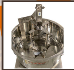
Stainless Steel Flour Mixing Machine
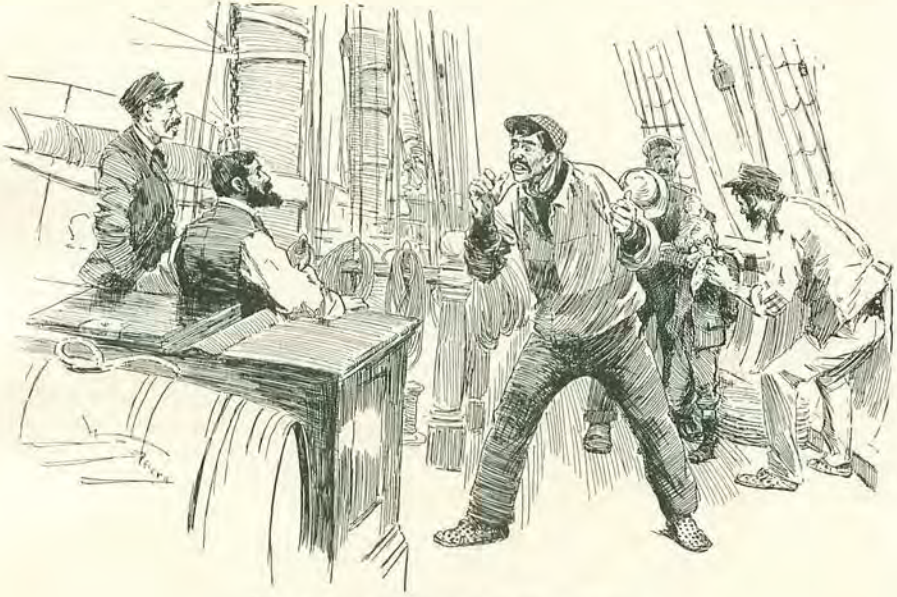
“‘DON'T TALK NONSENSE,’ SAID THE SKIPPER.”

He took the wheel from Harry; the little town came closer; the houses separated and disclosed roads, and the boy discovered to his disappointment that the church stood on ground of its own, and not on the roof of a
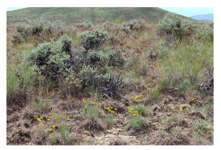
Figure 1. Desert yellow fleabane growing in a sagebrush grassland in Idaho.

Habitat and Plant Associations. Open rocky plains, foothills in low- to moderate elevation grasslands, shrublands (Fig. 1), and woodlands (Fig. 2) are common desert yellow fleabane habitat (Cronquist 1947; Mee et al. 2003; Nesom 2006; Pavek et al. 2012; Hitchcock and Cronquist 2018). Common vegetation associates include Idaho fescue (Festuca idahoensis), bluebunch wheatgrass (Pseudoroegneria spicata), sagebrush (Artemisia spp.), rubber rabbitbrush (Ericameria nauseosus), bitterbrush (Purshia spp.), and juniper (Juniperus spp.) (Cronquist 1947; Nicholson et al. 1991; Nesom 2006; Welsh et al. 2016). Less common associates include ponderosa pine (Pinus ponderosa) and Douglas-fir (Pseudotsuga menziesii) (Lloyd et al. 1990; Nicholson et al. 1991).
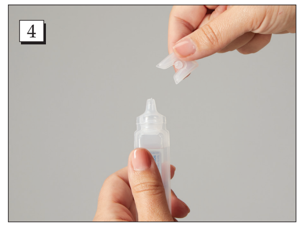
Step 4. After twisting the tab, pull on the tab to remove it from the top of the container.
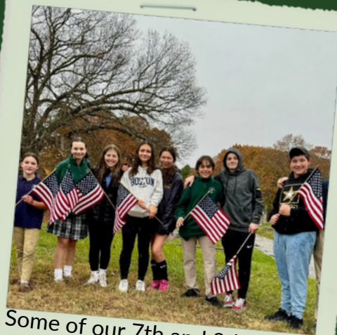
Some of our 7th and 8th graders braved the rain and helped change tattered flags on veterans' graves at the cemetery.
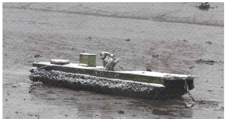
Bird raft on mud – note build-up of tube worm below water level

A pair of swans has been exploring the pond and seemed to be eyeing up a nesting site on the West Bank. Has anyone the skill to tell them that they are in danger of being washed away at a high Spring Tide??? Coots have been marking out their territory in their inimitable fussy way. The greater
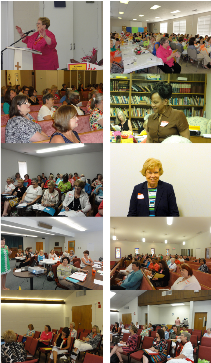
Scenic views of the Eta State's new leaders.

A few of their comments are presented here for your enjoyment.
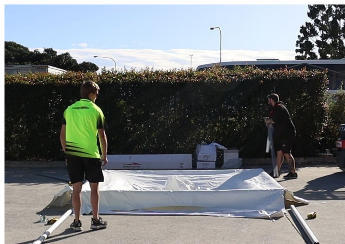
Layout the 4 aluminium legs.
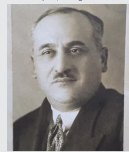
FULL STORY ON Page 4
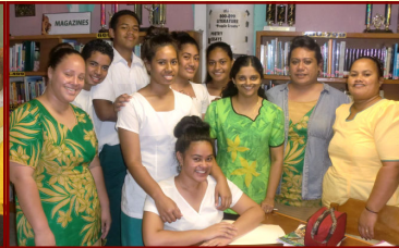
LEONE HS September PD Sessions
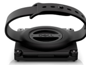
Rotating Hand Strap - SWT-ROTHS

Increase productivity with this IP-65 rated keyboard that is completely sealed off from the elements.
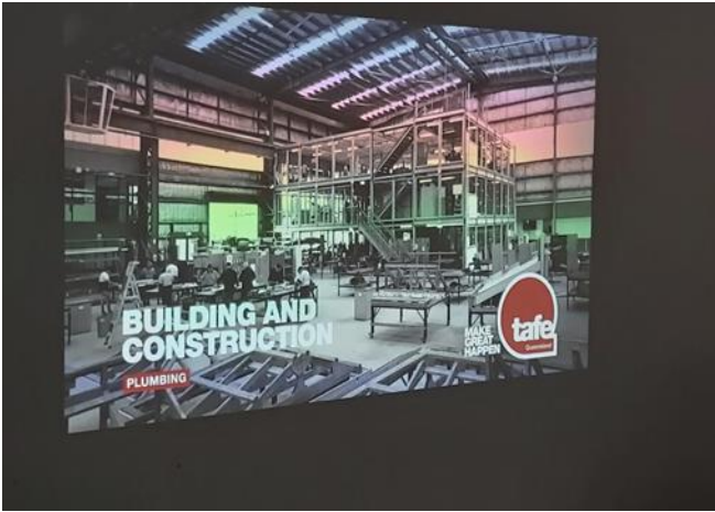
TAFE AT SCHOOL
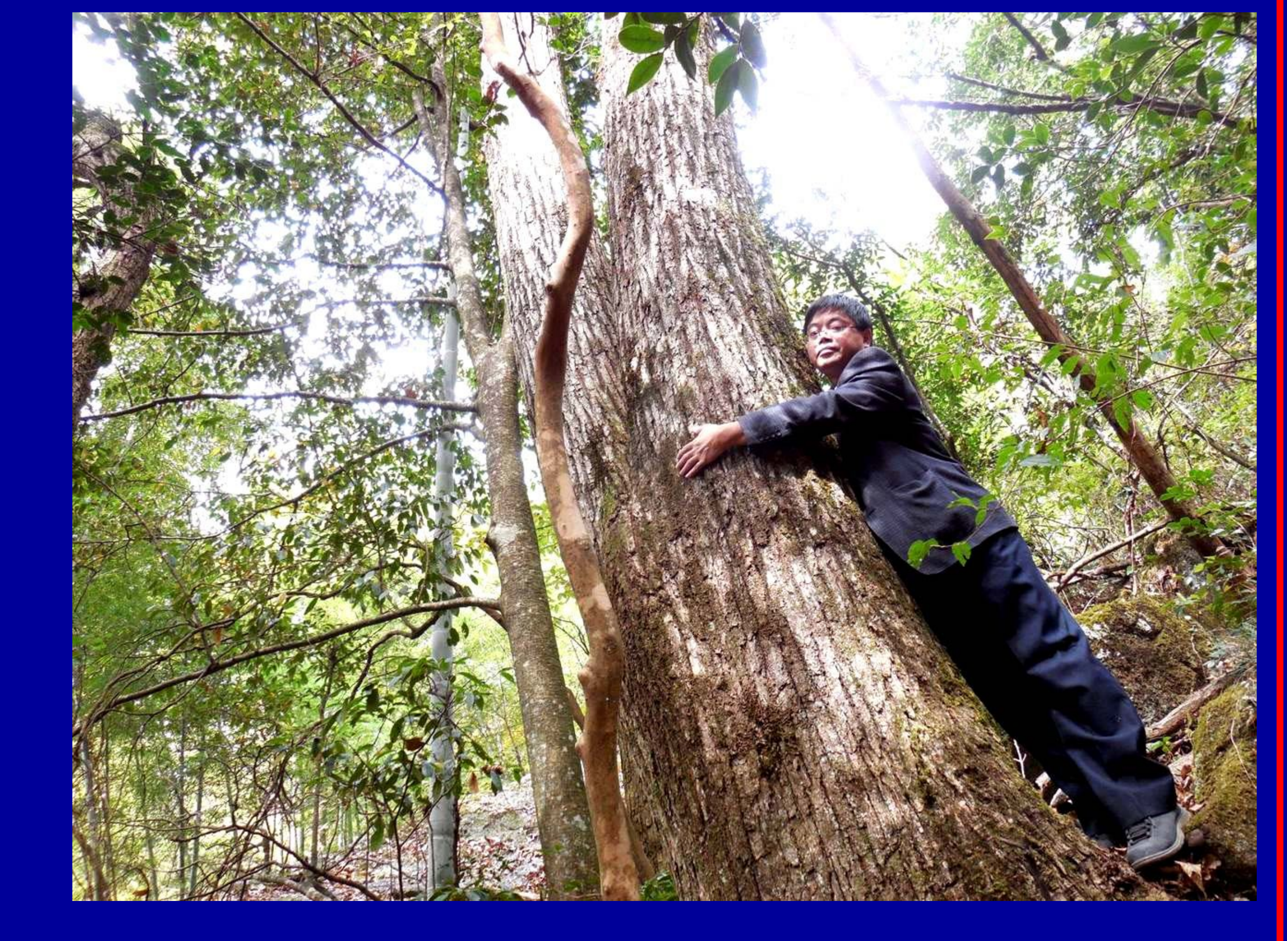
Investigation and collection of Castanea henryi germplasms
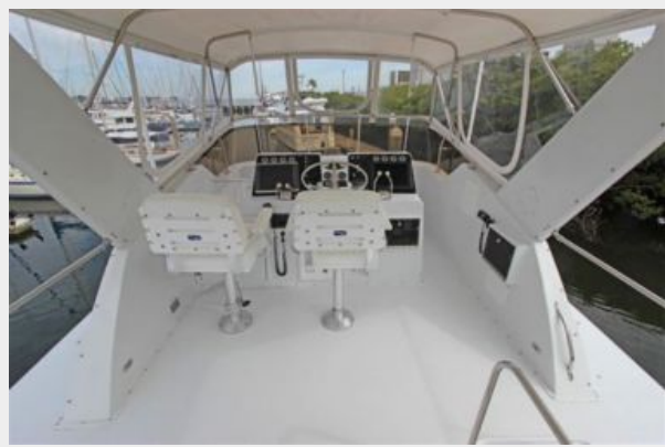
Flybridge looking forward

★ ★ ★ ★ ★ ★ ★

# [What this task involves]
Here the lines from the one containing "FULL STORY ON Page 4" through the end of the material are to be copied exactly, with the pictures omitted.

# [Answer section]
FULL STORY ON Page 4
LEONE HS September PD Sessions
Rotating Hand Strap - SWT-ROTHS

Increase productivity with this IP-65 rated keyboard that is completely sealed off from the elements.
TAFE AT SCHOOL
Investigation and collection of Castanea henryi germplasms
Flybridge looking forward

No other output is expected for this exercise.